IRIS SYSTEM IMPLEMENTATION
IMAGE ACQUISITION:
Image acquisition is considered the most critical step in the project since all subsequent stages depend highly on the image quality. To accomplish this, we use a CCD camera. We set the resolution to 640x480, the type of the image to jpeg, and the mode to white and black for greater details. The camera is situated normally between half a meter to one meter from the subject. (3 to 10 inches)
The CCD-cameras job is to take the image from the optical system and convert it into electronic data. Find the iris image by a monochrome CCD (Charged Couple Device) camera transfer the value of the different pixels out of the CCD chip. Read out the voltages from the CCD chip.
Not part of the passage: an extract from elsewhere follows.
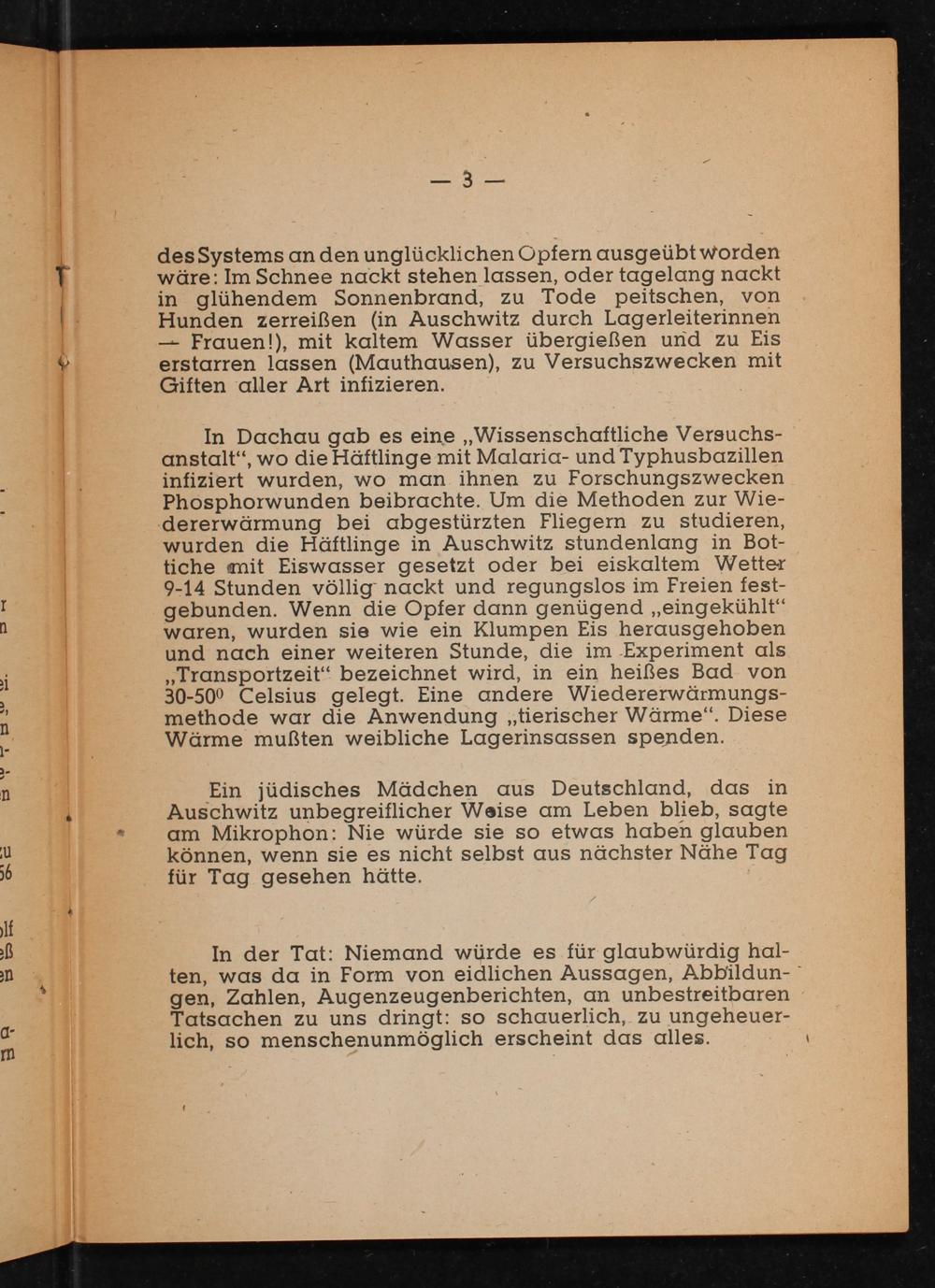 desSystems an den unglücklichen Opfern ausgeübt worden wäre: Im Schnee nackt stehen lassen, oder tagelang nackt in glühendem Sonnenbrand, zu Tode peitschen, von Hunden zerreißen(in Auschwitz durch Lagerleiterinnen — Frauen!), mit kaltem Wasser übergießen und zu Eis erstarren lassen(Mauthausen ), zu Versuchszwecken mit Giften aller Art infizieren.

Thereafter the signals of each data are amplified and sent to an ADC (Analog to Digital Converter).
Figs 2.1 BLOCK DIAGRAM OF IMAGE ACQUISITION USING CCD CAMERA
IMAGE MANIPULATION:
In the preprocessing stage, we transformed the images from RGB to gray level and from eight-bit to double-precision thus facilitating the manipulation of the images in subsequent steps.
IRIS LOCALIZATION:
Before performing iris pattern matching, the boundaries of the iris should be located. In other words, we are supposed to detect the part of the image that extends from inside the limbus (the border between the sclera and the iris) to the outside of the pupil. We start by determining the outer edge by first downsampling the images by a factor of 4 then use the canny operator with the default threshold value given by Matlab, to obtain the gradient image.
Since the picture was acquired using an infrared camera the pupil is a very distinct black circle. The pupil is in fact so black relative to everything else in the picture simple edge detection should be able to find its outside edge very easily. Furthermore, the thresholding on the edge detection can be set very high as to ignore smaller less contrasting edges while still being able to retrieve the entire perimeter of the pupil. The best edge detection algorithm for outlining the pupil is canny edge detection. This algorithm uses horizontal and vertical gradients in order to deduce edges in the image. After running the canny edge detection on the image a circle is clearly present along the pupil boundary.
Canny Edge Detector finds edges by looking for the local maxima of the gradient of the input image. It calculates the gradient using the derivative of the Gaussian filter. The Canny method uses two thresholds to detect strong and weak edges. It includes the weak edges in the output only if they are connected to strong edges. As a result, the method is more robust to noise and more likely to detect true weak edges.
EDGE DETECTION:
Edges often occur at points where there is a large variation in the luminance values in an image, and consequently, they often indicate the edges, or occluding boundaries, of the objects in a scene. However, large luminance changes can also correspond to surface markings on objects. Points of tangent discontinuity in the luminance signal can also signal an object boundary in the scene.
So the first problem encountered with modeling this biological process is that of defining, precisely, what an edge might be. The usual approach is to simply define edges as step discontinuities in the image signal. The method of localizing these discontinuities often then becomes one of finding local maxima in the derivative of the signal or zero-crossings in the second derivative of the signal.
In computer vision, edge detection is traditionally implemented by convolving the signal with some form of linear filter, usually a filter that approximates a first or second derivative operator. An odd symmetric filter will approximate the first derivative, and peaks in the convolution output will correspond to edges (luminance discontinuities) in the image.
An even symmetric filter will approximate a second derivative operator. Zero-crossings in the output of convolution with an even symmetric filter will correspond to edges; maxima in the output of this operator will correspond to tangent discontinuities, often referred to as bars or lines.
CANNY EDGE DETECTOR:
Edges characterize boundaries and are therefore a problem of fundamental importance in image processing. Edges in images are areas with strong intensity contrasts
– a jump in intensity from one pixel to the next. The edge detecting an image significantly reduces the amount of data and filters out useless information while preserving the important structural properties in an image.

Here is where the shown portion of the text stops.